How is this not resolved yet? Isn't the GO SDK supposed to handle this automatically?

[ewbankkit]

AWS SDK for Go v1 PR: aws/aws-sdk-go#4885.

[jim-barber-he]

The support for sso-session for aws-sdk-go has been merged and is now in a release.
https://github.com/aws/aws-sdk-go/releases/tag/v1.44.298

[flokli]

For posterity, this probably got fixed by the bump in #32426.

@kurtismash pls correct me if I'm wrong ;-)

Any chance for this to end up in a release soon?

[mbokman-e2open]

I was hoping this ended up in release 5.8.0 but upgrading to that version of the aws provider still gives:

$ terraform --version
Terraform v1.5.3
on darwin_arm64
+ provider registry.terraform.io/hashicorp/aws v5.8.0
+ provider registry.terraform.io/hashicorp/cloudinit v2.2.0
+ provider registry.terraform.io/hashicorp/random v3.5.1
$ terraform init -reconfigure

Initializing the backend...
Initializing modules...
╷
│ Error: error configuring S3 Backend: Error creating AWS session: profile "<redacted>" is configured to use SSO but is missing required configuration: sso_region, sso_start_url
│ 
│ 
╵

[paul-yolabs]

This still needs to make it into a terraform release. The S3 backend code doesn't use the AWS provider, it has a parallel S3 code path. The provider works, but if you use an S3 state backend you'll still have problems until they update the SDK there.

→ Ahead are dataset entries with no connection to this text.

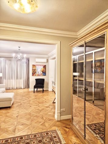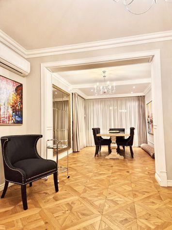 Apartament 3 camere situat intr-un imobil nou in zona Dorobanti Floreasca, amenajat de designner, luminos si spatios, dispus astfel: living cu iesire pe terasa ( 22mp ) , dinning, bucatarie mobilata si utilata, doua dormitoare, dormitorul matrimonial cu dressing si baie proprie cu cada, cu iesire pe balcon, dormitoarul secundar cu acces la baia cu dus. Apartamentul dispune de centrala termica proprie, masina de spalat vase, masina de spalat rufe, un loc de parcare in garajul subteran. Finisajele si mobilierul respecta cele mai inalte standarde, electrocasnicele sunt de ultima generatie.
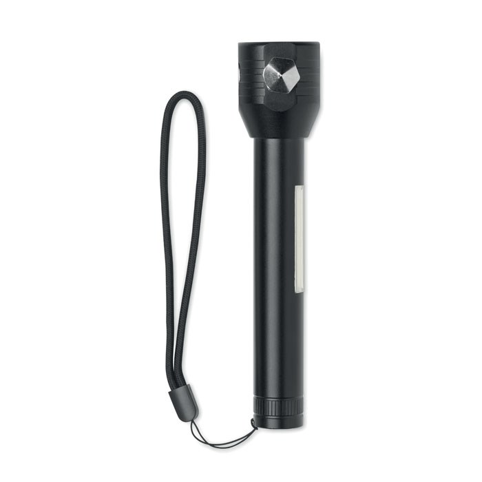 3 in 1 aluminium zaklamp met noodhamer en veiligheidsgordelsnijder. Hij heeft een COB-lamp aan de zijkant en voorkant. Inclusief magneet en polsband. Inclusief ingebouwde oplaadbare 500mAh batterij.
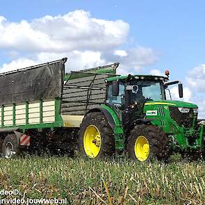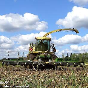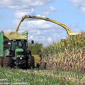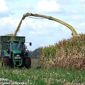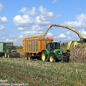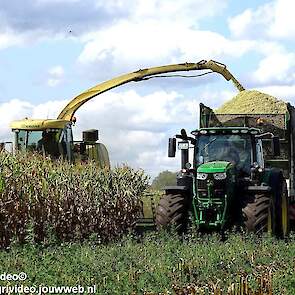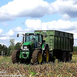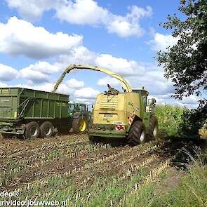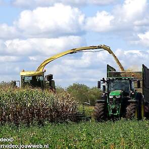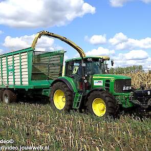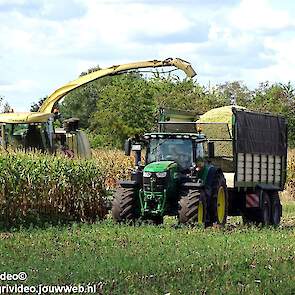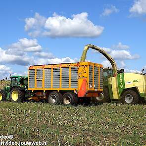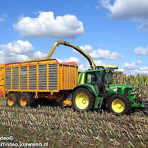 Lohnunternehmen ASW-Ochtrup (Agrar-Service Wessendrof) (D) aan het mais hakselen met een Krone BigX 700 met Krone EasyCollect 12 rijer, John Deere 6430 met Veenhuis Super Silagewagen, John Deere 8630 met Tebbe silagewagen, John Deere 6195 met Kaweco Radium 50 en een John Deere 7530 met Fortuna Muldenkipper .
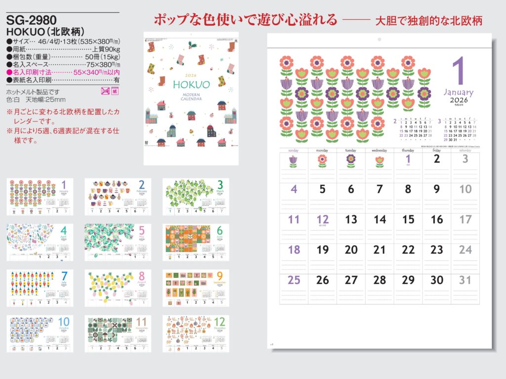 部屋にカレンダーがあると、そこに滞在する時間がますます楽しくなる。 SG298
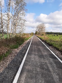 Bei der Herstellung des Radweges wurden ausgebaute Betonschwellen und ein abgebrochenes Brückenbauwerk vor Ort aufbereitet und entsprechend der angestrebten Nachhaltigkeitsziele im Unterbau wieder eingebaut. Die darüber liegende glatte Asphaltschicht ermöglicht Radfahrern und Skatern nun gutes Fahren durch vorwiegend unberührte Natur.
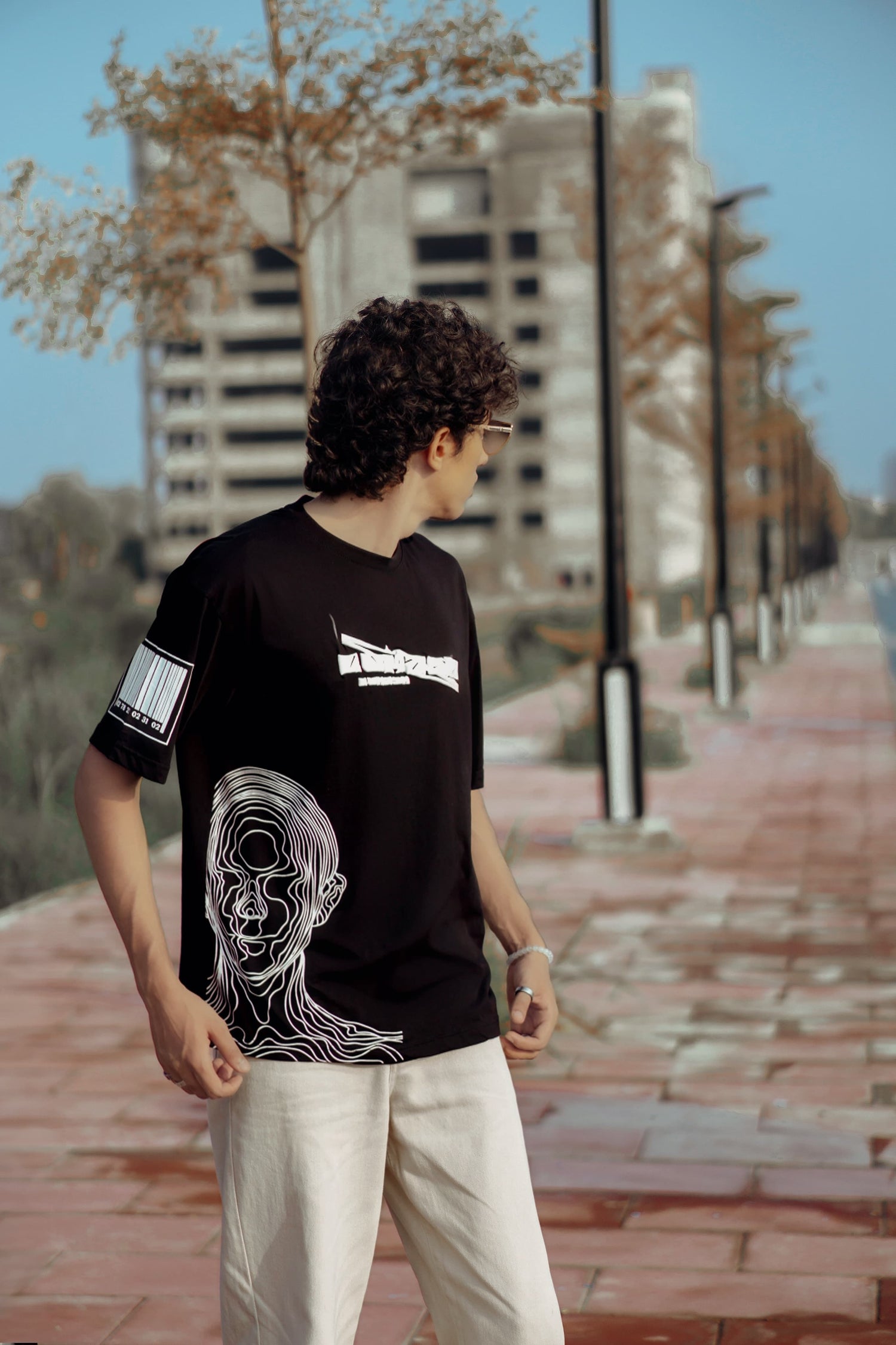 Step into the street in our oversized black graphic tee featuring a contour face print and barcode sleeve detail. Designed for those who move differently.
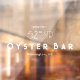 This minimalistic window cling features art deco style fonts in a dark gray color.
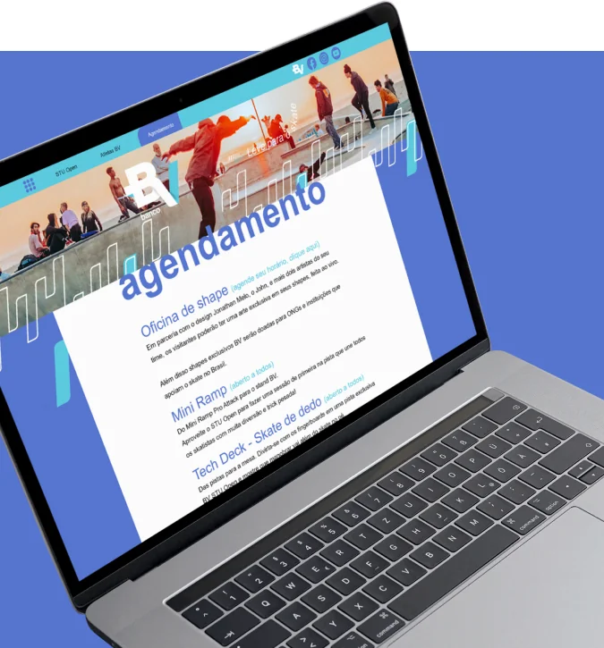 Foi desenvolvido o site do BV STU Open, uma parceria inovadora entre o Banco BV e o renomado campeonato de skate STU Open. O site foi concebido como uma plataforma abrangente que não apenas fornecia informações cruciais sobre o campeonato, mas também celebrava a cultura do skate e a participação de talentosos atletas.
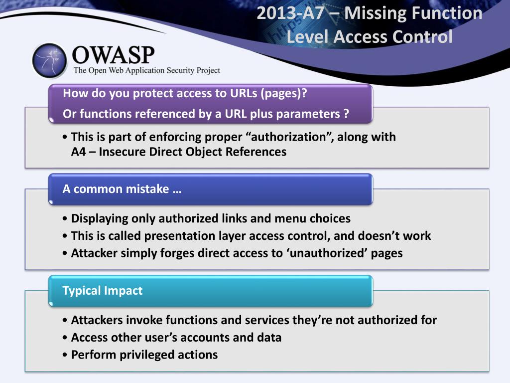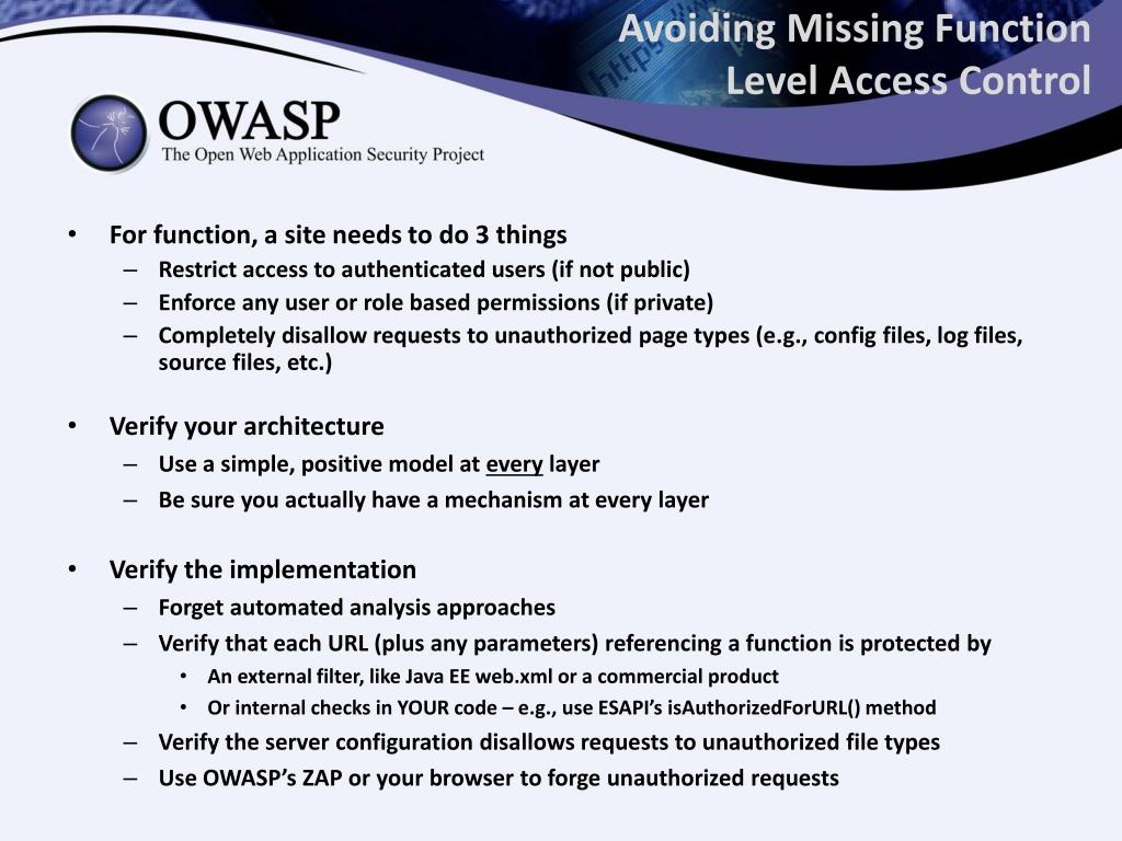 Avoiding Missing Function Level Access Control • For function, a site needs to do 3 things • Restrict access to authenticated users (if not public) • Enforce any user or role based permissions (if private) • Completely disallow requests to unauthorized page types (e.g., config files, log files, source files, etc.) • Verify your architecture • Use a simple, positive model at every layer • Be sure you actually have a mechanism at every layer • Verify the implementation • Forget automated analysis approaches • Verify that each URL (plus any parameters) referencing a function is protected by • An external filter, like Java EE web.xml or a commercial product • Or internal checks in YOUR code – e.g., use ESAPI’s isAuthorizedForURL() method • Verify the server configuration disallows requests to unauthorized file types • Use OWASP’s ZAP or your browser to forge unauthorized requests
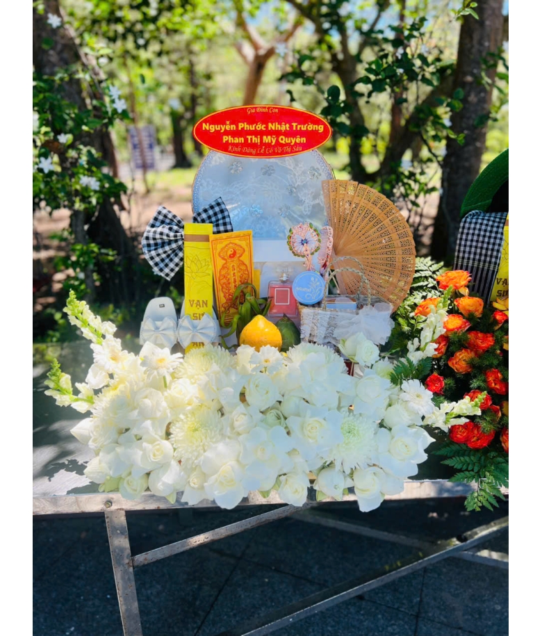 • Mâm cúng Cô Sáu và chiến sĩ tại Côn Đảo với đầy đủ hoa trái cây, vật phẩm lễ dâng cô được bày trí trên 1 mâm giúp quý khách thuận tiện viếng nghĩa trang Hàng Dương.
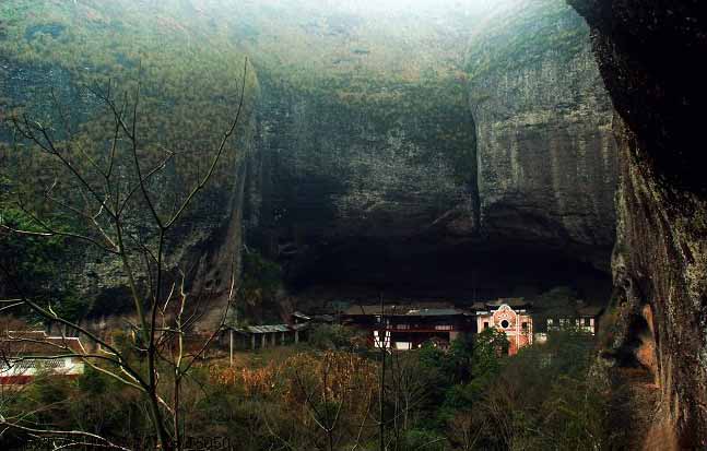 外岩,又名前岩、长工岩、普陀岩,越普陀桥入岩内,岩高8—10米,宽30—53米,长5—10米。—座木结构的普通梵宇依岩而建。沿曲折山径和婉蜒溪流进入峡谷,溪水清澈,游鱼可数,谷林幽深,鸟鸣可闻。行200米抵中岩,中岩洞高10—12米,宽50—93米,长10—50米,可容纳百余人。由中岩拾级而上,200余米处,古松关侧一株古“九月桂”立岩旁,到9月,以浓香迎游人。穿关越鸣春桥,便到后岩。后岩为龙凤岩的主体,三峰鼎峙,势凌霄汉。岩在中峰(剪云峰)下面临溪涧,左似游龙,右像凤翥,所以命名为龙凤。入春,岩顶水沥喷雪飞涛,晴天也散雨。顺治十二年(1655)镇江司理沈宜游此,改题“青雨岩”。 后岩座西南,面东北,岩高30—40米,宽40—56米,长10—22米。

Having new SSO support in the v1 SDK will make that easier, though.

Keep an eye on hashicorp/terraform#32465 (there appears to be an open PR for this now)

[github-actions]

I'm going to lock this issue because it has been closed for 30 days ⏳. This helps our maintainers find and focus on the active issues.
If you have found a problem that seems similar to this, please open a new issue and complete the issue template so we can capture all the details necessary to investigate further.